At the airport in on the crowded city street, who's that burly bearded man in the turban? Is he an Arab? Look at his wrist --- is he wearing an metal bracelet? If so, he's a Sikh, not a Muslim at all. As a sign of their faith, male Sikhs wear on their persons five things (that begin with the sound /k/ in Hindi): beard, comb, turban, special breeches or underwear, and a sword. Today, this last is a small ceremonial item, not an actual weapon.

Unlike so many in India, the Sikh rejects omens, magic, the caste system, drug-induced mysticism, oppression in the name of religion, and idolatry of any kind. However, they are not forbidden from exploring other faiths. Imagine that! A non-dogmatic, tolerant religion! The world could use a little more of that.

All Sikh males are surnamed Singh (Punjabi for "lion"), all females Kaur ("lioness"). From this you may discern a pride in Sikh heritage and a reputation for boldness. They are supposed to refrain from all intoxicants (but I have met Sikhs who will recoil in pious alarm from a cigarette, but who will eager drinking alcohol).

Historically, Sikhs are doughty warriors, but today, they are often cab drivers, in India as well as here in the States. I don't know why. The Sikhs I have met have been helpful, honorable, capable and decent people. (Why, just check out item L on this list of Sikh beliefs --- you don't get much more ethical than that!)

One, when I was in India with my family, our taxi broke down on a desolate stretch of road. It was a Sikh driving by who stopped his own cab, flipped the hood of our taxi and worked on the engine until the taxi ran again. He gave our hapless Hindi driver a look of withering contempt, refused our offers of payment definitely and politely, and left.

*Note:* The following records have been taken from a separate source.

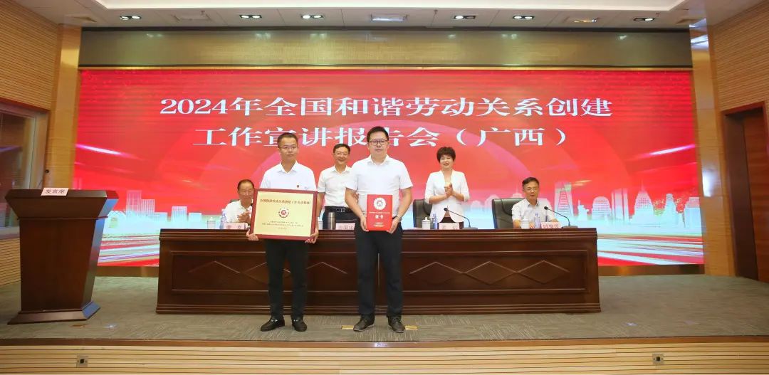 会上,自治区相关部门领导为广西受表彰的全国和谐劳动关系建工作集体和先个人颁发牌匾、证书、章。自治区人力源社会保障厅劳动关系、防城港市港口区沙潭江街道第一届全国和谐劳动关系建工作先集体,柳州市工会韦红革等8人荣第一届全国和谐劳动关系建工作先个人,6名先个人代表作事迹宣。
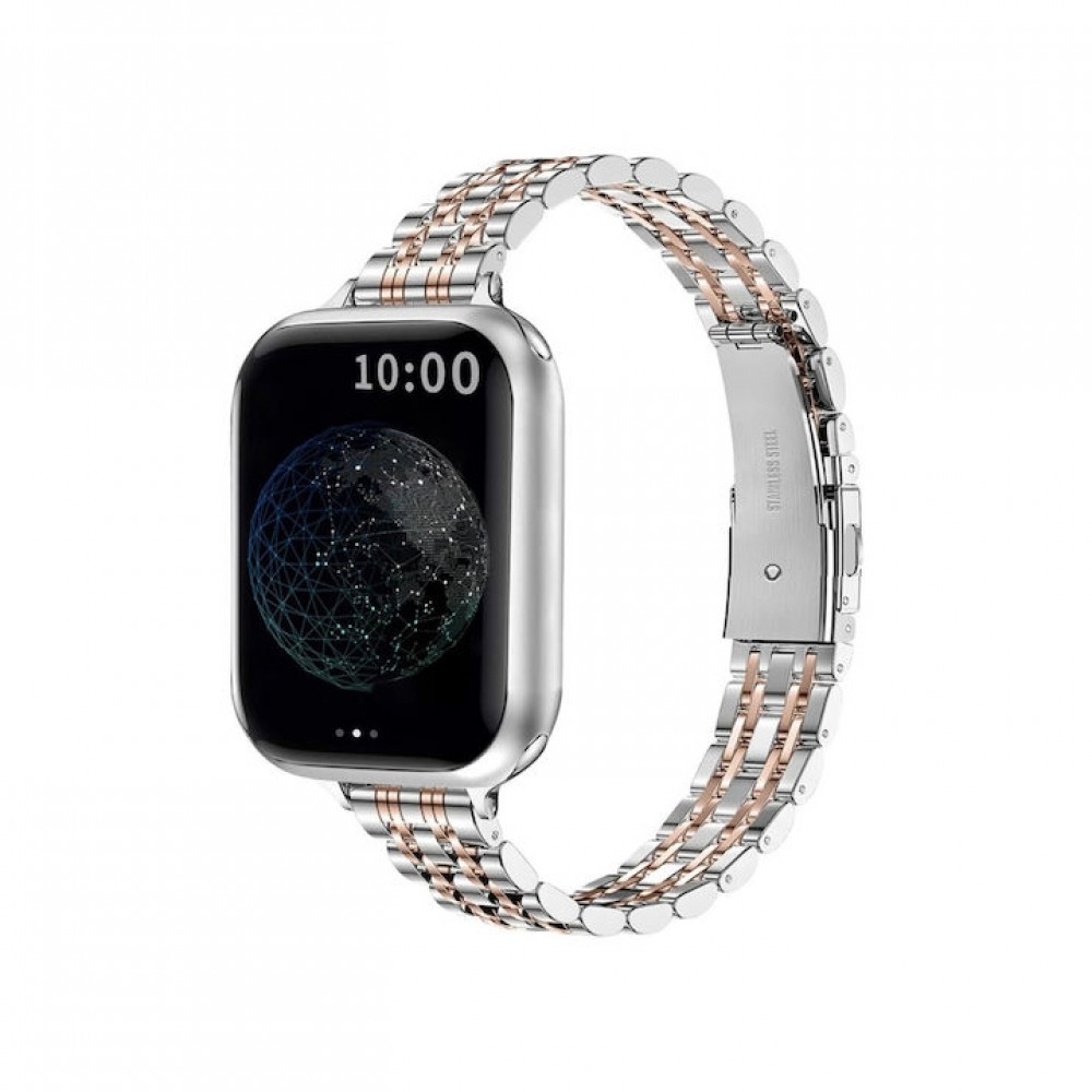 Ανανεώστε το στυλ του Apple Watch σας με αυτό το κομψό λουράκι από ανοξείδωτο ατσάλι, σε ασημί και ροζ χρυσό χρωματικό συνδυασμό. Είναι ειδικά σχεδιασμένο για να ταιριάζει απόλυτα με τα μοντέλα Apple Watch 38mm, 40mm και 41mm, προσφέροντας άνεση και ανθεκτικότητα, ιδανικό για καθημερινή χρήση αλλά και επίσημες περιστάσεις.
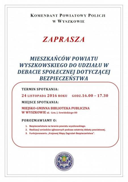Komendant Powiatowy Policji w Wyszkowie zaprasza mieszkańców na debatę społeczną, która odbędzie się dnia 24 listopada 2016 roku w godz. 16.00 - 17.30 w Miejsko - Gminnej Bibliotece Publicznej w Wyszkowie przy ul. Gen. J. Sowińskiego. Podczas spotkanie porozmawiamy o bezpieczeństwie na terenie powiatu wyszkowskiego, realizacji wniosków zgłoszonych przez mieszkańców podczas ostatniej debaty powiatowej oraz o funkcjonowaniu nowego narzędzia jakim jest "Krajowa Mapa Zagrożeń Bezpieczeństwa".
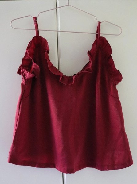 Vinröd sommartopp med smala axelband och volangdetaljer runt halsringningen och ärmarna.
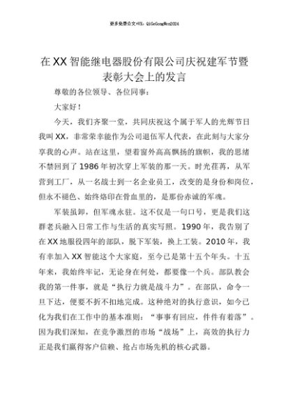 【七哥公文】2025年:【七哥公文】在XX智能继电器股份有限公司庆祝建军节暨表彰大会上的发言+更多免费公文+VX:QiGeGongWen2024+更多免费公文+VX:QiGeGongWen2024
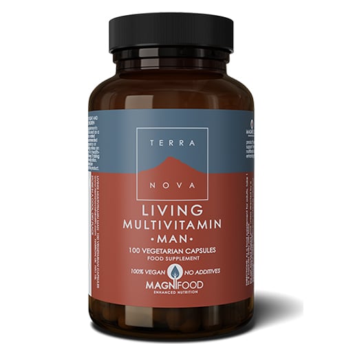 Living Multivitamin MAN fra Terranova er en multivitamin, hvis indhold er skræddersyet til mænds behov. Den indeholder en blanding af 29 vitaminer, mineraler og næringsstoffer. Formuleringen er beriget med ekstra mængder af zink, magnesium, lycopen og E-vitamin, sammenlignet med mange almindelige multivitaminer. Ydermere er den sammensat med næringsstoffer fra rødbeder, aroniabær, ingefær og vindruekerneekstrakt, som kan understøtte kroppens normale funktioner.
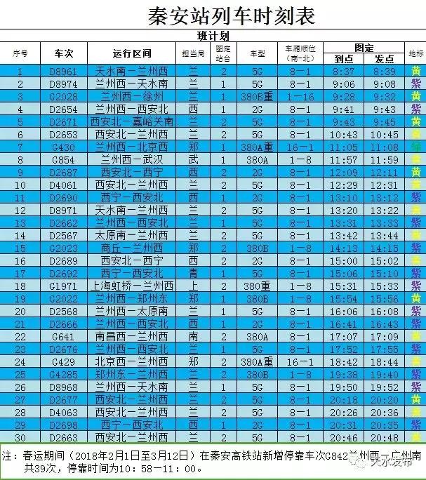2018年春运来临之际,铁道部对秦安县停靠车次又作了新的调整,1月17日,从秦安高铁站了解到,从1月20日开始,在秦安高铁站停靠的车次在原来的基础上新增7车次,分别为G2028兰州西—徐州、G430兰州西—北京西、G854兰州西—武汉、G2023商丘—兰州西、G1971上海虹桥—兰州西、G2022兰州西—郑州东、G429北京西—兰州西。同时在春运期间(从2018年2月1日至3月12日)还将开设由兰州西—广州南G842列车。

There is concern that Sikhs in Western countries can be the victims of misguided anti-Arab prejudice. This actually happened to a friend of my father's. In New York City a few years ago, this Sikh --- let's call him Singh --- was grabbed by a white American who started shouting about 9/11. Before this could escalate into something very bad, another Westerner leaped out of a cab and shouted at the assailant, "He's a Sikh, you fool!" Interesting that a concerned and informed person should come along so fortuitously at that moment, but then, there are all kinds in New York.